THE DATA

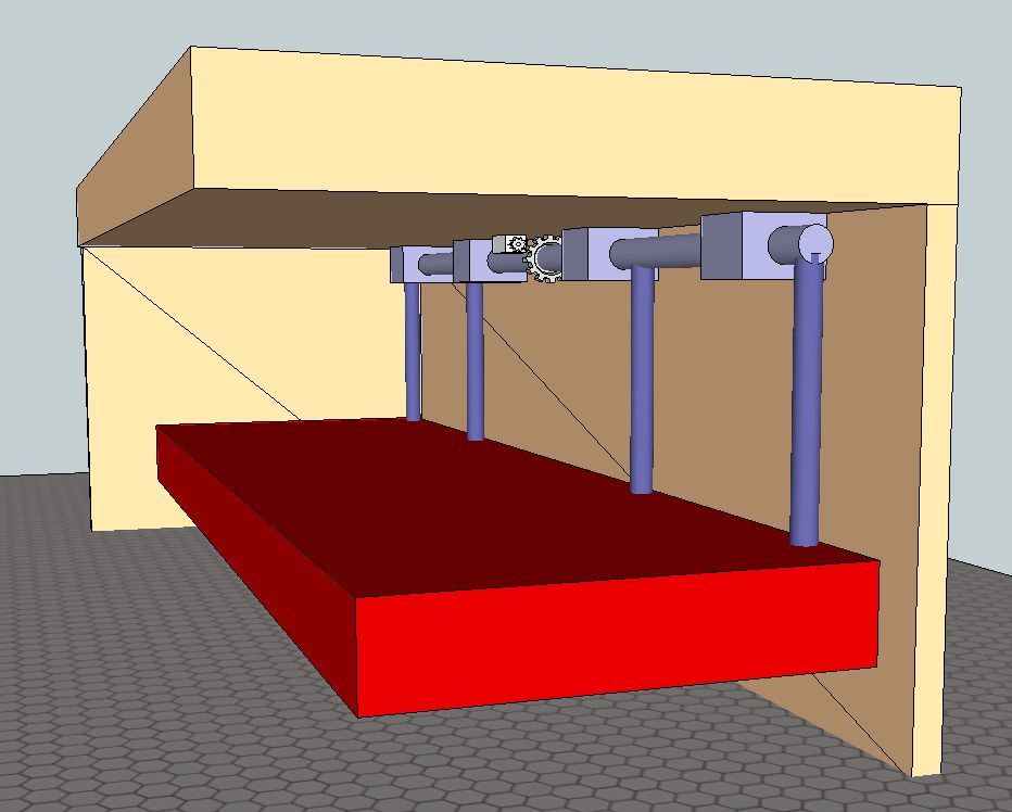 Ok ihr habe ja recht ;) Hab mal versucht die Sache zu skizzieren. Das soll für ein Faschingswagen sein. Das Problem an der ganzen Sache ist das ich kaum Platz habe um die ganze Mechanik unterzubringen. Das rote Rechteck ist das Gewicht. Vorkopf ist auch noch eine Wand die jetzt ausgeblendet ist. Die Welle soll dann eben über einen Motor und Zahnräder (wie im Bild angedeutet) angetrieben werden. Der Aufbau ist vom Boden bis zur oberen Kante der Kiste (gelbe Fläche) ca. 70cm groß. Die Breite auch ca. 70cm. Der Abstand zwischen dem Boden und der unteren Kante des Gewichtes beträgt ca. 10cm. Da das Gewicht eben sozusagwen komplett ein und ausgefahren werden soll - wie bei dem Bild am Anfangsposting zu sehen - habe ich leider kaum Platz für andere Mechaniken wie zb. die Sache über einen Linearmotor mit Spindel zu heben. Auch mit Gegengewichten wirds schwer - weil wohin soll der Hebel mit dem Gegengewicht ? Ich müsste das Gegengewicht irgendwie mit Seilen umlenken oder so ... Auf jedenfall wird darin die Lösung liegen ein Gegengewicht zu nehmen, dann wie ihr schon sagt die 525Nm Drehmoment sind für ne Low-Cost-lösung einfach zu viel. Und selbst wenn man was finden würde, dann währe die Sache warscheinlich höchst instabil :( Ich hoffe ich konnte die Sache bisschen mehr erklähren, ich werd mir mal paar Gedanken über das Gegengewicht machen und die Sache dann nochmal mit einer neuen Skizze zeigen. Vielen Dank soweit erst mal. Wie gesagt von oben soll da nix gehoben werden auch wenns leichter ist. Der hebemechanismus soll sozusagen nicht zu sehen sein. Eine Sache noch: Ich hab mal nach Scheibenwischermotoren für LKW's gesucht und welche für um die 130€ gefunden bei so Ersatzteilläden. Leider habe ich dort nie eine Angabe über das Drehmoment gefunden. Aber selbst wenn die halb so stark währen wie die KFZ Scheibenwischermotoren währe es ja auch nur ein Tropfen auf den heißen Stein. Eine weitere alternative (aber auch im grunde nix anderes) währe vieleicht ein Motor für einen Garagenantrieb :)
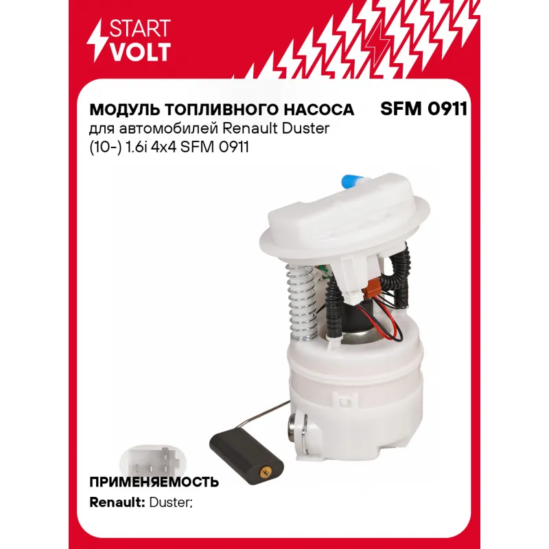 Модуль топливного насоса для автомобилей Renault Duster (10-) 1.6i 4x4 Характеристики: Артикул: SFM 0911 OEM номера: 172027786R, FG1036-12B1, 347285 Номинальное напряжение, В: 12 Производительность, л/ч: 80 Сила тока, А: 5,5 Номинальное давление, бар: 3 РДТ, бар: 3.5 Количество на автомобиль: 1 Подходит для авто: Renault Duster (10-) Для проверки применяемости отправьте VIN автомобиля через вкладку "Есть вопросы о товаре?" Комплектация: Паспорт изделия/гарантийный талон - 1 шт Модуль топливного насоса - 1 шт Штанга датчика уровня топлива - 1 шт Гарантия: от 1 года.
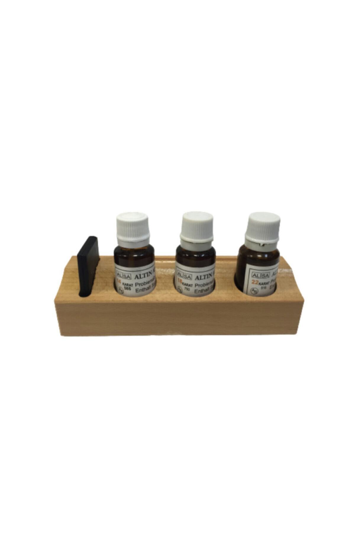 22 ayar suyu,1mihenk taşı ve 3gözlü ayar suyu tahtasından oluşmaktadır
---
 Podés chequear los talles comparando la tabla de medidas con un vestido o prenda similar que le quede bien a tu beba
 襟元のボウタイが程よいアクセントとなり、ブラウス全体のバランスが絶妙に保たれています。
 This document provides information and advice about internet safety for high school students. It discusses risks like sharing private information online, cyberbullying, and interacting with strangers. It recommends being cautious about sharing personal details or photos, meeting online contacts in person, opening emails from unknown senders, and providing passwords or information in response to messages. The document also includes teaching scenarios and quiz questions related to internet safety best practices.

THE TASK
From the line containing "Модуль топливного насоса для" through the line containing "22 ayar suyu,1mihenk", copy every line above exactly, without pictures.

SOLVED EXERCISE
 Модуль топливного насоса для автомобилей Renault Duster (10-) 1.6i 4x4 Характеристики: Артикул: SFM 0911 OEM номера: 172027786R, FG1036-12B1, 347285 Номинальное напряжение, В: 12 Производительность, л/ч: 80 Сила тока, А: 5,5 Номинальное давление, бар: 3 РДТ, бар: 3.5 Количество на автомобиль: 1 Подходит для авто: Renault Duster (10-) Для проверки применяемости отправьте VIN автомобиля через вкладку "Есть вопросы о товаре?" Комплектация: Паспорт изделия/гарантийный талон - 1 шт Модуль топливного насоса - 1 шт Штанга датчика уровня топлива - 1 шт Гарантия: от 1 года.
 22 ayar suyu,1mihenk taşı ve 3gözlü ayar suyu tahtasından oluşmaktadır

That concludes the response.